In relevance to my therapeutic framework, my feelings are used as my connection to humanity, and are a part of the way I connect myself with my whole human experience – and hopefully, help my clients to do the same.

I have just come from a final session with a client with whom I had been working for a long time, and feel full of those emotions that endings can bring; happy for my client, that they were feeling ready to embark on the next chapter of their life – sad that I was not going to see them again – excited about what the future might bring for them, armed with their new knowledge of themselves  – proud of the work that we have accomplished together, and many other feelings besides.

At the end of our session I felt that I wanted to give my client a goodbye hug as we parted company. Now, I know that hugging a client is highly contentious issue in therapy. Boundaries (of every kind) are a big deal for us all, in life, and therapy is a place where this is often worked out. As such, as a therapist, I am always extremely aware and  respectful of them. Equally, though, I feel that warmth, empathy, and a sense of humanity are just as important to MY way of practising psychotherapy. I know that it is isn’t that way for every approach to therapy, and every therapist out there – many would see a hug as crossing a boundary too far – so i feel  that I want to explain my reasoning for this.
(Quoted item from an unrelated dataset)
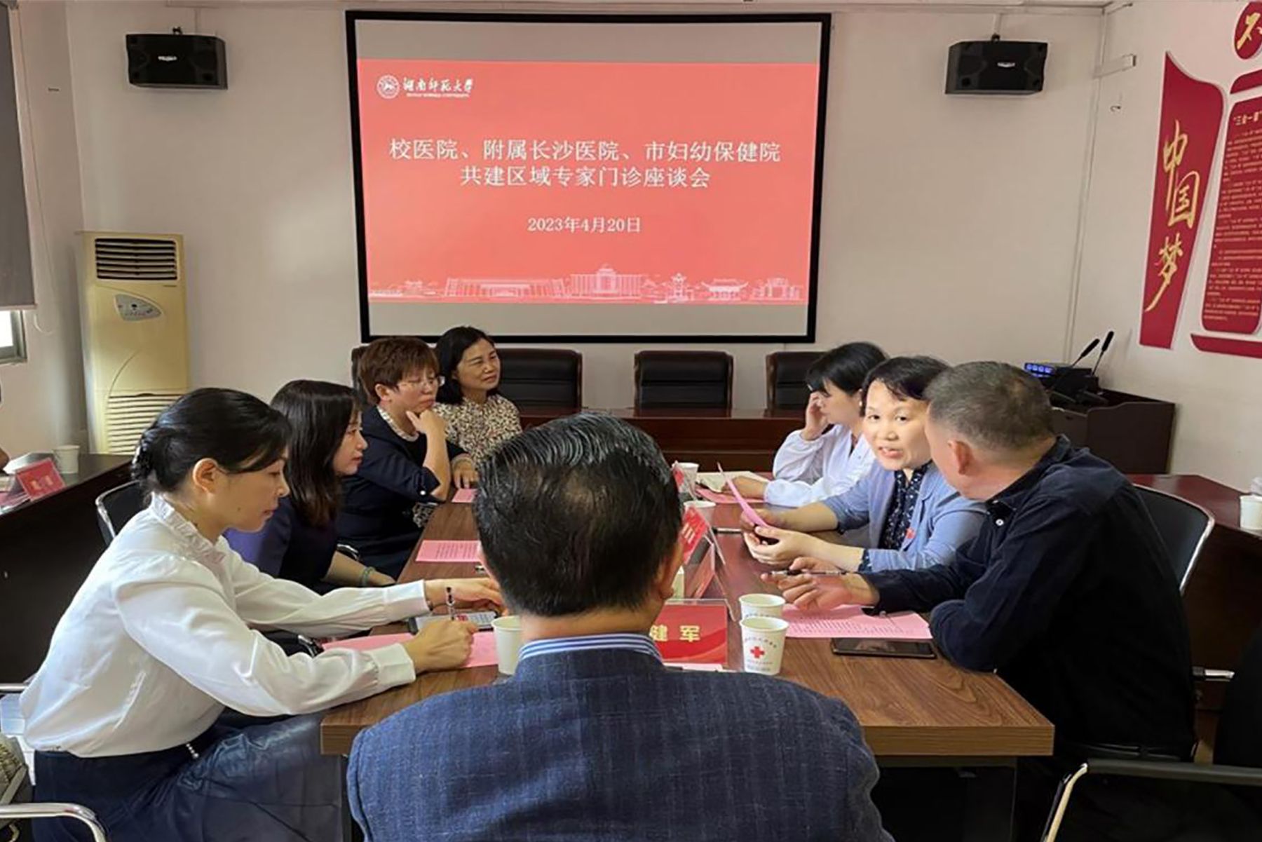 (通讯员 全宏姣)4月20日上午,我校召开校医院区域专家门诊座谈会暨长沙市妇幼保健院共建区域专家门诊揭牌仪式。副校长谢资清出席仪式,仪式由校医院院长周国强主持。

Firstly, I would like to clarify that I do not hug, or even want to hug, all my clients! It is absolutely NOT a staple part of therapy with me!  I am using this (well considered and deemed appropriate) action as an example of a feeling led intervention on my part. Because  what I do really do in ALL therapy,  is acknowledge and attend to my feelings towards and with my client throughout every part of the therapeutic process. If I have a hunch that my feeling is relevant, and that it would be productive for the therapy to express it, I do so. Once I have become aware of and made sense of it. I usually have a sense that if it is felt strongly enough to want to mention it – it is most likely to be relevant.
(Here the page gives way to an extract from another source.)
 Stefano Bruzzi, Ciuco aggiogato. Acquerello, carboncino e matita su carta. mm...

After all, one of the fundamental beliefs of psychotherapy is that the therapy room is a microcosm of the client’s world. That is to say that if it goes on the therapy room , it goes on in the client’s life. This principle guides me with my client throughout the entire therapeutic process. I use my feelings as a tool offering me an indescribable sensory glimpse into my client’s world; they can guide me with how the client feels, as well as giving me insight as to how the people around them probably feel towards them – often in a far more accurate way than straight-up verbalising does.
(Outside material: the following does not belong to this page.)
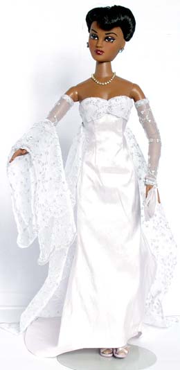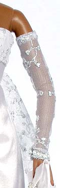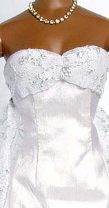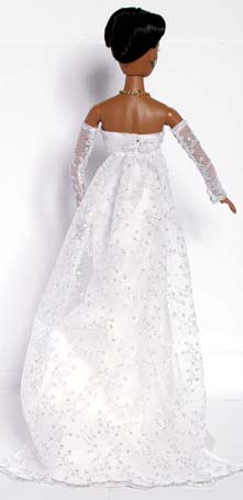 Set Four in the Evening collection is a truly beautiful creation of silk and lace. Violet is a vision of loveliness is this paler - than - pale pink silk dress. The dress has clean lines and flows down to a wider trailing hem at the back. The bust has a silver lace overlay and this same lace has been used for the long evening gloves, train and stole giving an elegant look. This dress would look very striking made up in a black... Alternatively, this design could be easily used for a modern Wedding Gown using different materials. Imagine this in ivory silk with cream lace... Don't forget you can submit your own ideas and colours! It's what Couture really means!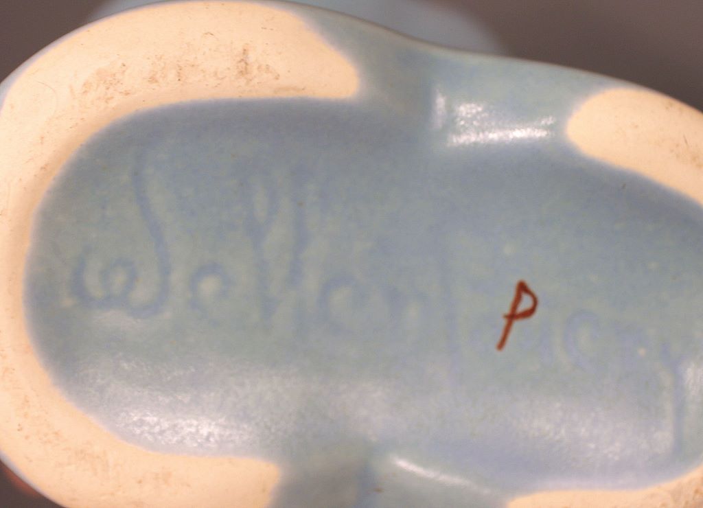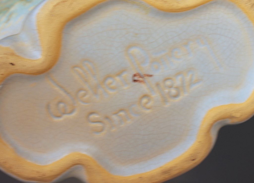 Three Pieces of Weller Pottery, one small blue Weller vase with white roses (cameo rose) 6 5/8" h., 5" w., small brown and pink "Dogwood" vase 6 1/2" h., 4" dia., Weller vase with hand painting of sail boat and trees 7 1/2" h., 7" w. Three Pieces of Weller Pottery, one small blue Weller vase with white roses (cameo rose) 6 5/8" h., 5" w., small brown and pink "Dogwood" vase 6 1/2" h., 4" dia., Weller vase with hand painting of sail boat and trees 7 1/2" h., 7" w.

The trouble is, you see, that very thing that often brings us to therapy  – the ‘incongruence’ as Carl Rogers called it – is often a master of disguise. It takes our feelings and it tangles them up, it dresses them up in other things, it makes them hard for us to recognise and understand. It is often hard to talk about feelings, so hard that we get overwhelmed and don’t where to begin when asked about them. (I have very clear memories of my ‘bad old days’ – before I learned how to understand my feelings – simply dissolving into tears whenever my doctor or therapist asked me how I was. The tears were an uncontrolled indicator of how beseiged my poor brain was!)index

A massive part of my training as a therapist was me learning about my own feelings, how they impact on me and those around me, and where they have come from.  This helps me to separate my feelings from those of my client. A huge part of my job involves me and my client untangling and identifying their feelings. We pull them apart from out-dated defence mechanisms they have become welded to, prise them off misguided beliefs, tease them away from ancient narratives and only then we can start working out where they come from and how we can best deal with them. The knowledge I have of my own process with this is invaluable when trying to help my client effectively.

Freud’s initial concept of psychonanalysis was born of his observation of suppressed feelings leading to illness. It led to his ‘discovery’ of the unconscious mind – an idea that had not been considered before he suggested it. Early psychoanalysis was all about making the unconscious conscious, and that premise has not altered vastly over the years. (Sure, I would like to hope that modern therapists do more than that too, but really this constitutes the meat and bones of therapeutic work)

Feelings provide a pathway into the unconscious.They can set off a chain of bodily responses and events that we are quite unaware and out of control of.  Modern neuroscience has given us a a way of literally seeing  them lighting up brain scans -amazingly, we can actually watch the pathways brighten and pulse as the feelings are experienced. We can now see how much more there is going on within our astonishing bodies  than we may have previously been aware of.  What a gift! How Freud would have marvelled at that – although I’m sure that he would have noted that the scans reinforced ideas that he had already posited.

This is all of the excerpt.